When you find the line with "కామేశ్వరాలయం నిర్మాణం జరిగే ప్రదేశం" among the records below, reproduce it and each line after it exactly, ending with the line with "త్వరలో కామేశ్వరాలయం పనులు".

Excerpted records:
────────
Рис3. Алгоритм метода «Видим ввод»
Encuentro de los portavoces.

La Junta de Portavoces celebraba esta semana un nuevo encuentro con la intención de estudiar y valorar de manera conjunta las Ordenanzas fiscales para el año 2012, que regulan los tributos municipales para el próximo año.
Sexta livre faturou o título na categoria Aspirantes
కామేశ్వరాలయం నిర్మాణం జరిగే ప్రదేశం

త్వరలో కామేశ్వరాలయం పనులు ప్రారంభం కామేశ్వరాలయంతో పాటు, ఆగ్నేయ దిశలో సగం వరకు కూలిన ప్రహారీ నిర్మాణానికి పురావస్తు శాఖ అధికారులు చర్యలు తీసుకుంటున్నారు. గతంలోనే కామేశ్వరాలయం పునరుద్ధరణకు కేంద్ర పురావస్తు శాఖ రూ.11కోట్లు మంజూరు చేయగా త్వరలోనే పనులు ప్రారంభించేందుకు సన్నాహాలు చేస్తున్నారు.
────────
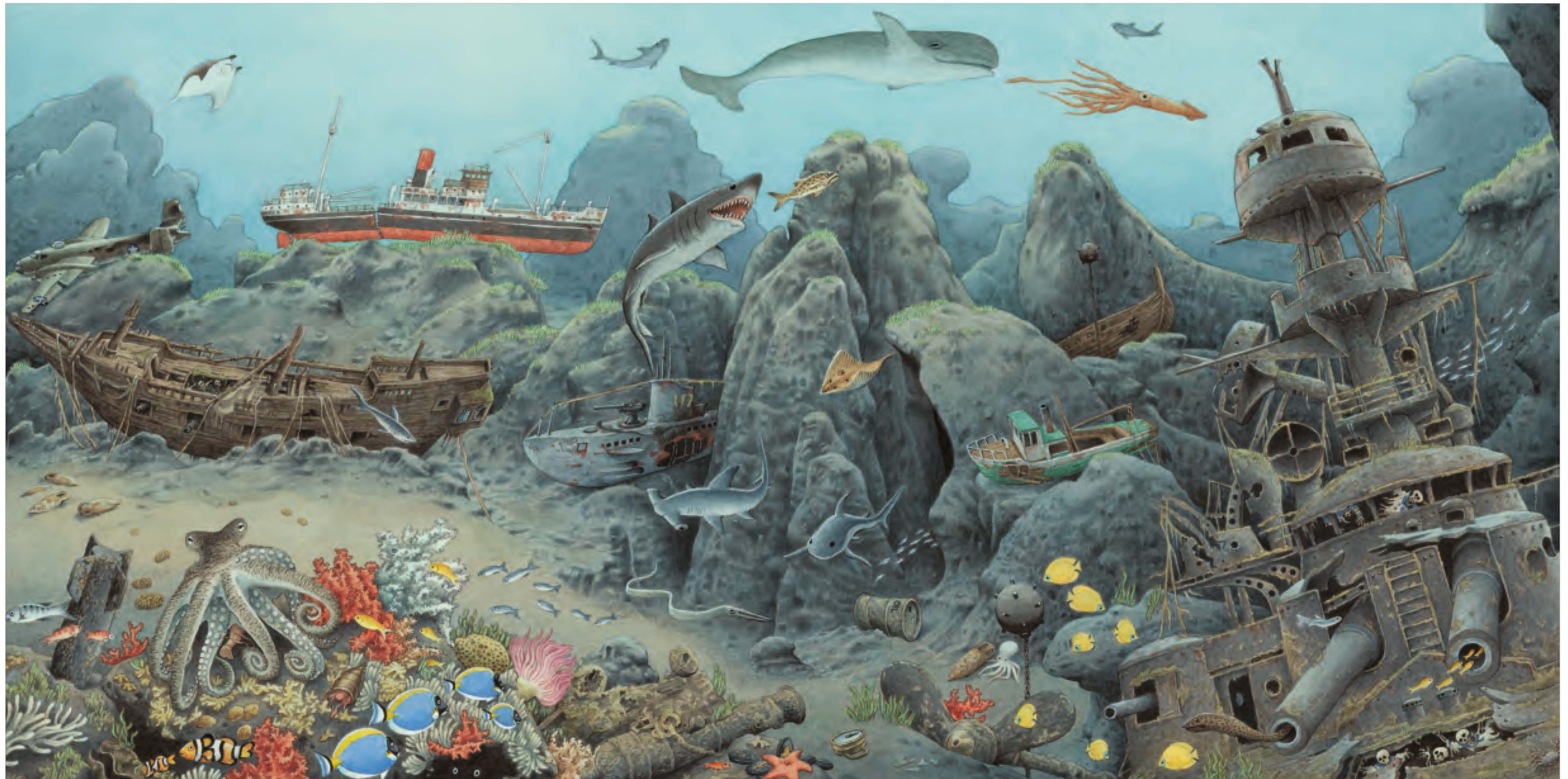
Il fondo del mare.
────────
Task answer:
కామేశ్వరాలయం నిర్మాణం జరిగే ప్రదేశం

త్వరలో కామేశ్వరాలయం పనులు ప్రారంభం కామేశ్వరాలయంతో పాటు, ఆగ్నేయ దిశలో సగం వరకు కూలిన ప్రహారీ నిర్మాణానికి పురావస్తు శాఖ అధికారులు చర్యలు తీసుకుంటున్నారు. గతంలోనే కామేశ్వరాలయం పునరుద్ధరణకు కేంద్ర పురావస్తు శాఖ రూ.11కోట్లు మంజూరు చేయగా త్వరలోనే పనులు ప్రారంభించేందుకు సన్నాహాలు చేస్తున్నారు.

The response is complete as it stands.